If any action or proceeding is brought against us, our employees, contractors, directors or agents by reason of such claim for which you have indemnified us, you agree to, upon written demand from us, defend the same at your own expense, with counsel reasonably satisfactory to us.
Force Majeure
Neither Party shall be liable for any failure or delay in performing their obligations under the Contract where such failure or delay results from any cause that is beyond the reasonable control of that Party.
Such causes include, but are not limited to: power failure, internet service provider failure, strike, lockout, civil unrest, acts of malicious computer programs and code (including but not limited to viruses, Trojan horses, worms, malicious macros, and scripts), shortages, accidents, casualties, fire, flood, storms, earthquakes, acts of terrorism, acts of war, governmental action, epidemics or any other event beyond the control of the Party in question.

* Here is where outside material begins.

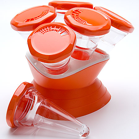 Набор MAYER&BOCH состоит из 6 баночек для специй и подставки. Баночки выполнены из акрила. Крышки, выполненные из пластика оранжевого цвета с прозрачным окошком, плотно закрываются и предотвращают высыпание специй. Также, крышки имеют регулируемые отверстия, регулируя которые, можно обильно или слегка приправить блюдо. Баночки идеально подойдут для хранения специй, соли, перца и много другого. Изделия размещаются на оригинальной треугольной подставке. Оригинальный набор MAYER&BOCH эффектно украсит интерьер кухни, а также станет незаменимым помощником в приготовлении ваших любимых блюд. С таким набором специи надолго сохранят свежесть, аромат и пряный вкус.

Jurisdiction and Interpretation
This Contract will in all respects be subject to and construed in accordance with the laws of CITY and STATE.
The interpretation of this agreement is agreed upon by both parties to be clear and leave no doubt upon the terms and definitions used herein. No third party may assign a different interpretation to the agreed terms. Any dispute between the Parties will be referred to the exclusive jurisdiction of the courts of CITY and STATE and subject to interpretation under court hearing.
Confidentiality
Each Party undertakes that throughout the term of the Contract, the Parties may disclose certain confidential information to each other. Both Parties agree that they will not use the confidential information provided by the other, except to perform their obligations under the Agreement.
Each Party will maintain the information’s confidentiality and will not disseminate it to any third party, unless so authorised by the other Party in writing.